— Records for the task —
>>>

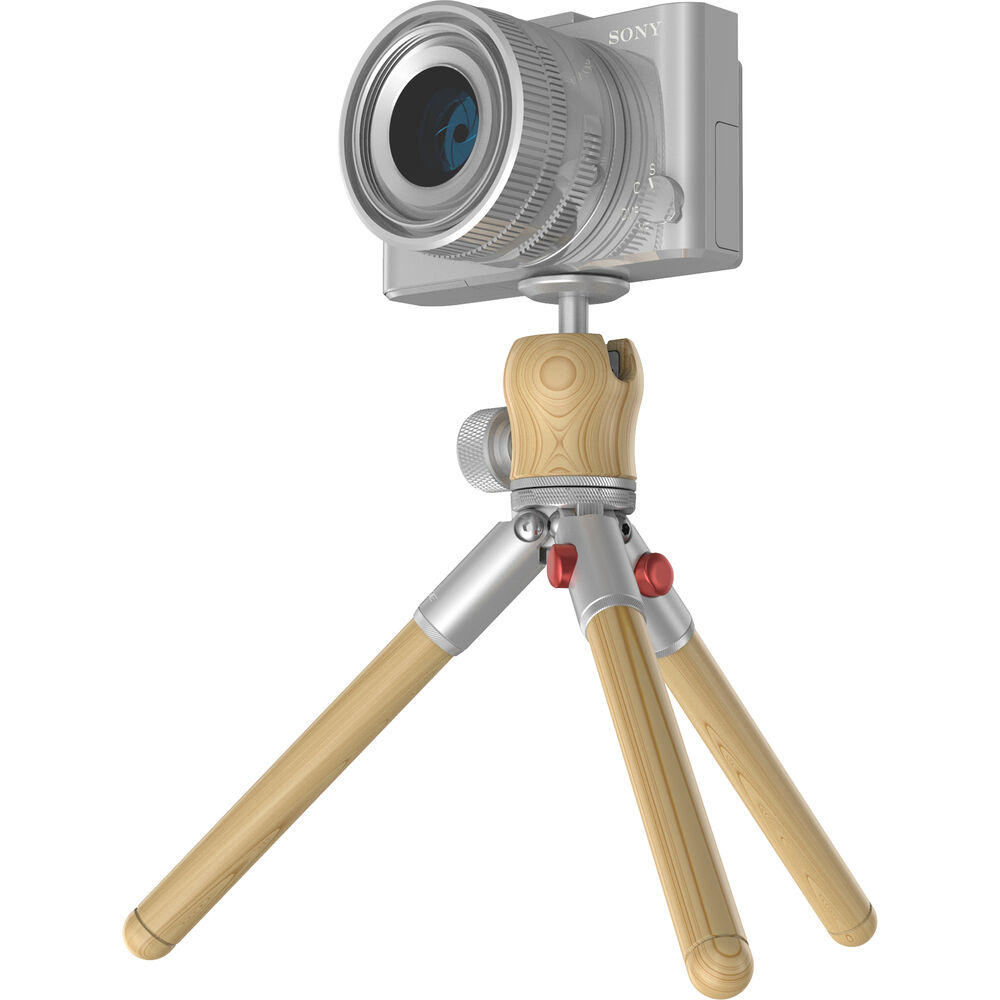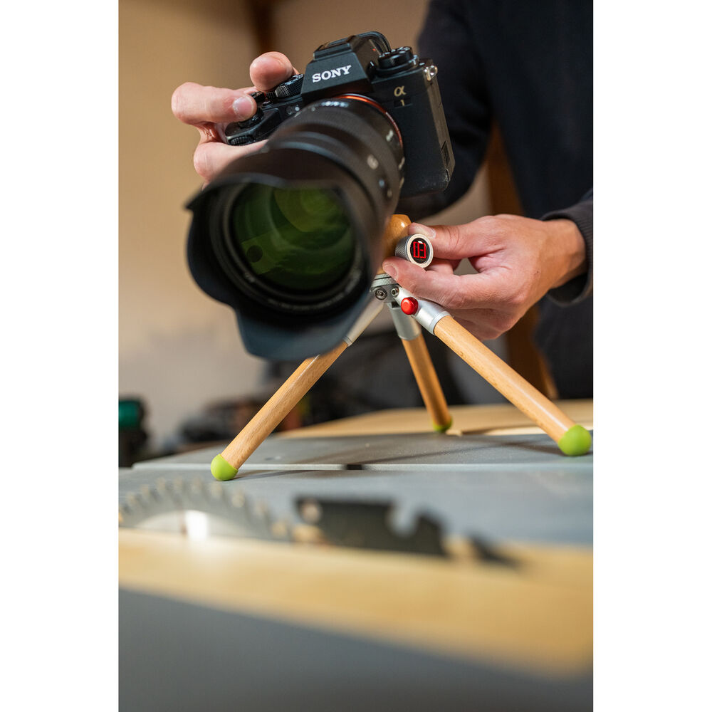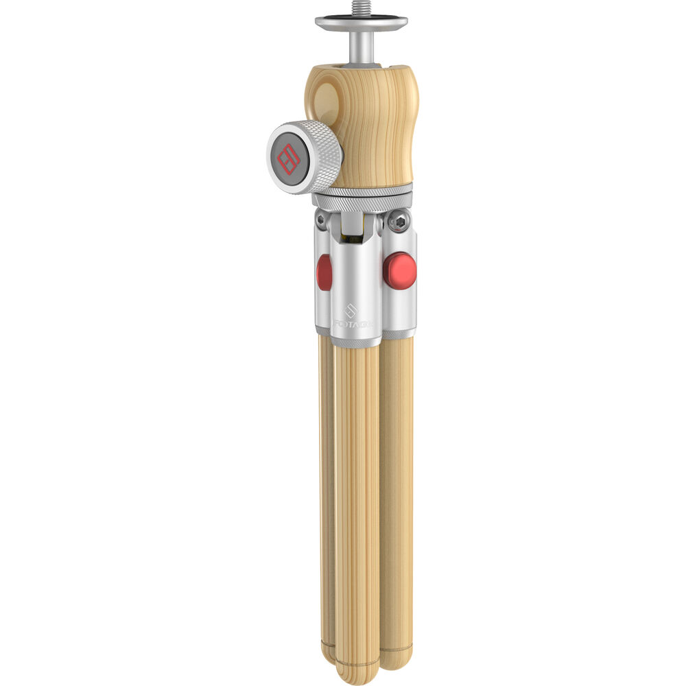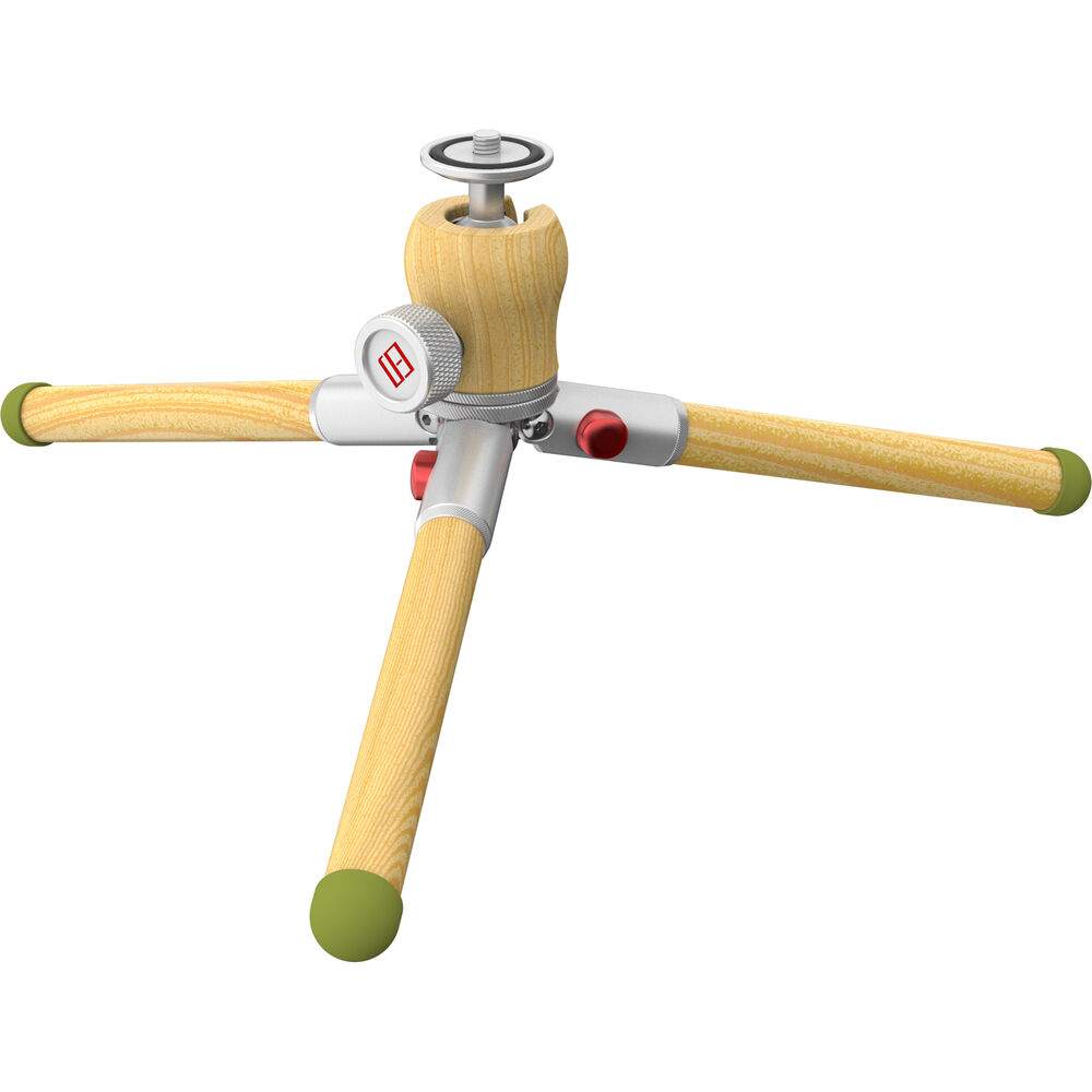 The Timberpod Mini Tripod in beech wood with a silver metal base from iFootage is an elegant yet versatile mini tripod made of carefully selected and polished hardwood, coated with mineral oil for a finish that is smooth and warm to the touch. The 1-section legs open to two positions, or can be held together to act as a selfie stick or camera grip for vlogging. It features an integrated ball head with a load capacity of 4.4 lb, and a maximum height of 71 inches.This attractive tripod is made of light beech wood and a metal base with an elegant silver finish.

<<<
>>>

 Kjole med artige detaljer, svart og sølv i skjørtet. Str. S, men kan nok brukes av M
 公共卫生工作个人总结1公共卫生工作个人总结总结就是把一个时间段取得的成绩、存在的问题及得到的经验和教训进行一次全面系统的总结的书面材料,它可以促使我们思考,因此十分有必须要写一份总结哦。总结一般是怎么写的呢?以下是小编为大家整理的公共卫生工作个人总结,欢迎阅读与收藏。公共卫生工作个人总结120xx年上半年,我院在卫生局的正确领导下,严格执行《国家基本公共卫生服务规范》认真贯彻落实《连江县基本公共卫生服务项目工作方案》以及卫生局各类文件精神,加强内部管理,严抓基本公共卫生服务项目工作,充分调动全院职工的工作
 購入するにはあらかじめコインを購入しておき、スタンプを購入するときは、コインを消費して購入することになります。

<<<
>>>

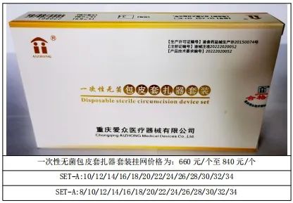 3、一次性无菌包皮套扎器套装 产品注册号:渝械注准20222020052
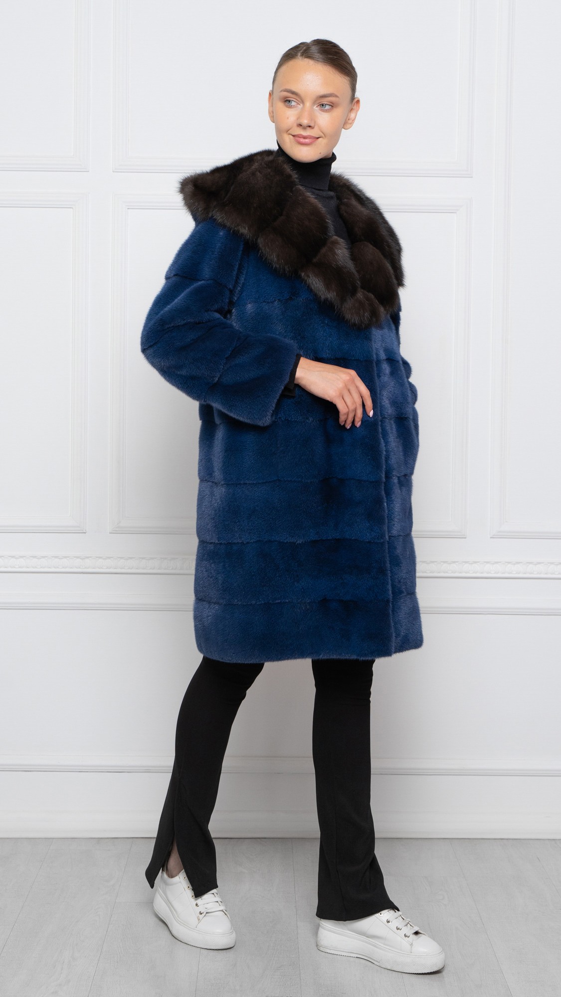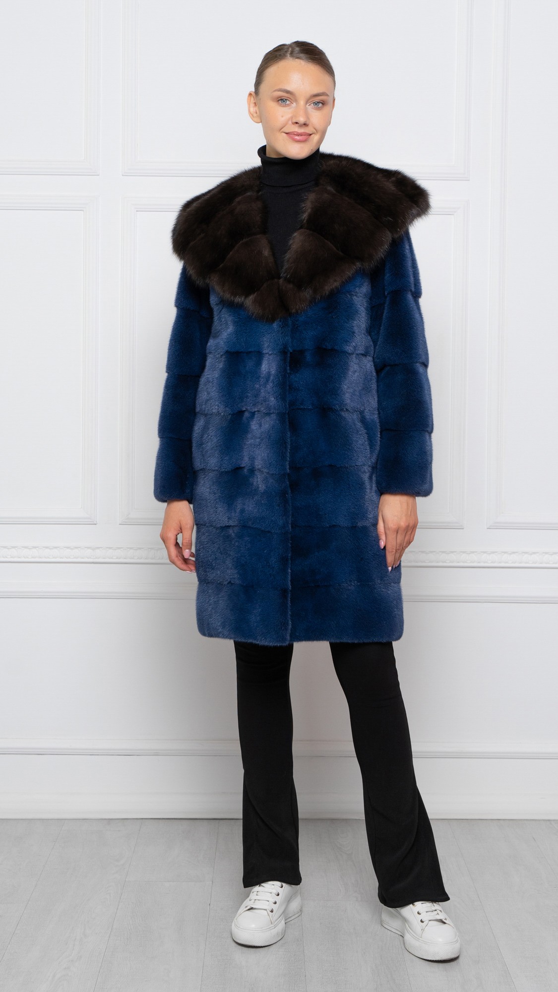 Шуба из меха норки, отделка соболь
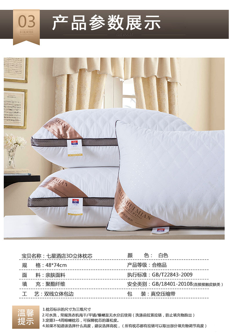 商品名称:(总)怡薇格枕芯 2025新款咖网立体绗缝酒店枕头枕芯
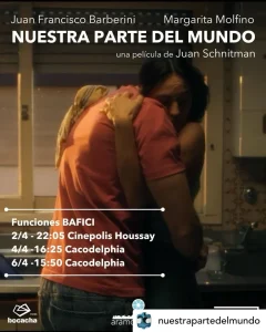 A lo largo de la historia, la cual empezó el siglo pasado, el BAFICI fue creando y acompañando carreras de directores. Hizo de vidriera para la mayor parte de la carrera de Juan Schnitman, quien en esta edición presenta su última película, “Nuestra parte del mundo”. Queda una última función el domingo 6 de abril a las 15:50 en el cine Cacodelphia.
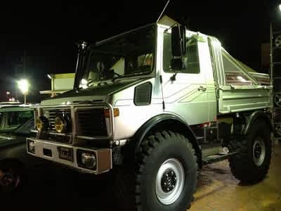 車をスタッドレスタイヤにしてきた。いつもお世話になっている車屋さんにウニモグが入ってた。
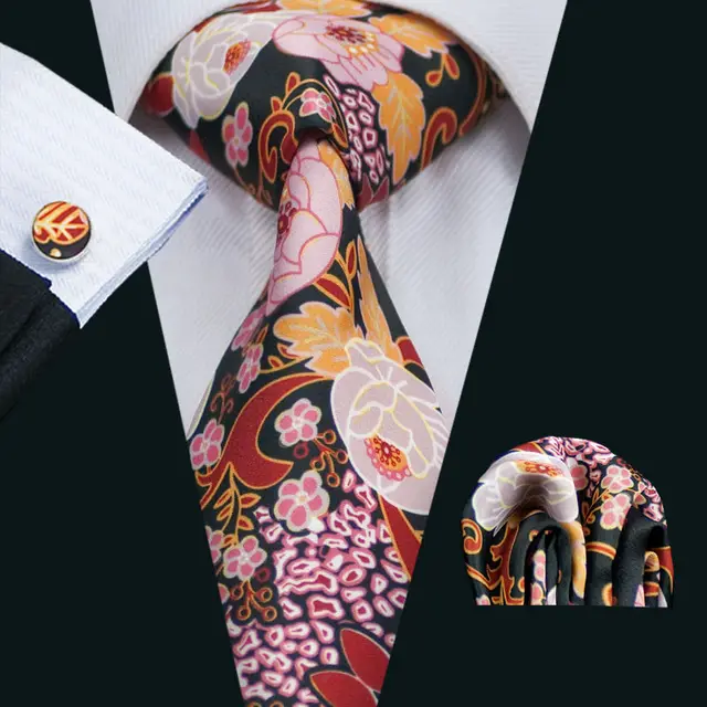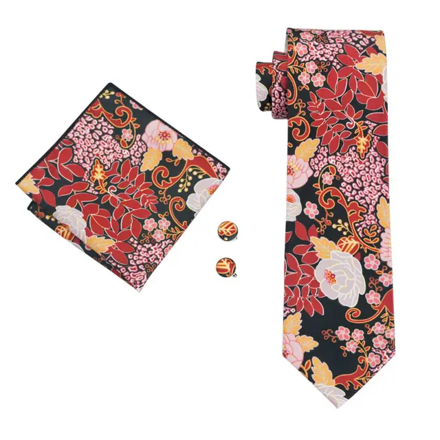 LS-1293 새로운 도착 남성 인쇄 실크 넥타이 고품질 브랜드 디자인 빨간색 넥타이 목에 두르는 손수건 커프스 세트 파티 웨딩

<<<

— Task statement —
Both the line containing "Kjole med artige" and the line containing "購入するにはあらかじめコイン" belong in the answer. Print them and every line above that falls between them exactly, and no others.

— Task output —
 Kjole med artige detaljer, svart og sølv i skjørtet. Str. S, men kan nok brukes av M
 公共卫生工作个人总结1公共卫生工作个人总结总结就是把一个时间段取得的成绩、存在的问题及得到的经验和教训进行一次全面系统的总结的书面材料,它可以促使我们思考,因此十分有必须要写一份总结哦。总结一般是怎么写的呢?以下是小编为大家整理的公共卫生工作个人总结,欢迎阅读与收藏。公共卫生工作个人总结120xx年上半年,我院在卫生局的正确领导下,严格执行《国家基本公共卫生服务规范》认真贯彻落实《连江县基本公共卫生服务项目工作方案》以及卫生局各类文件精神,加强内部管理,严抓基本公共卫生服务项目工作,充分调动全院职工的工作
 購入するにはあらかじめコインを購入しておき、スタンプを購入するときは、コインを消費して購入することになります。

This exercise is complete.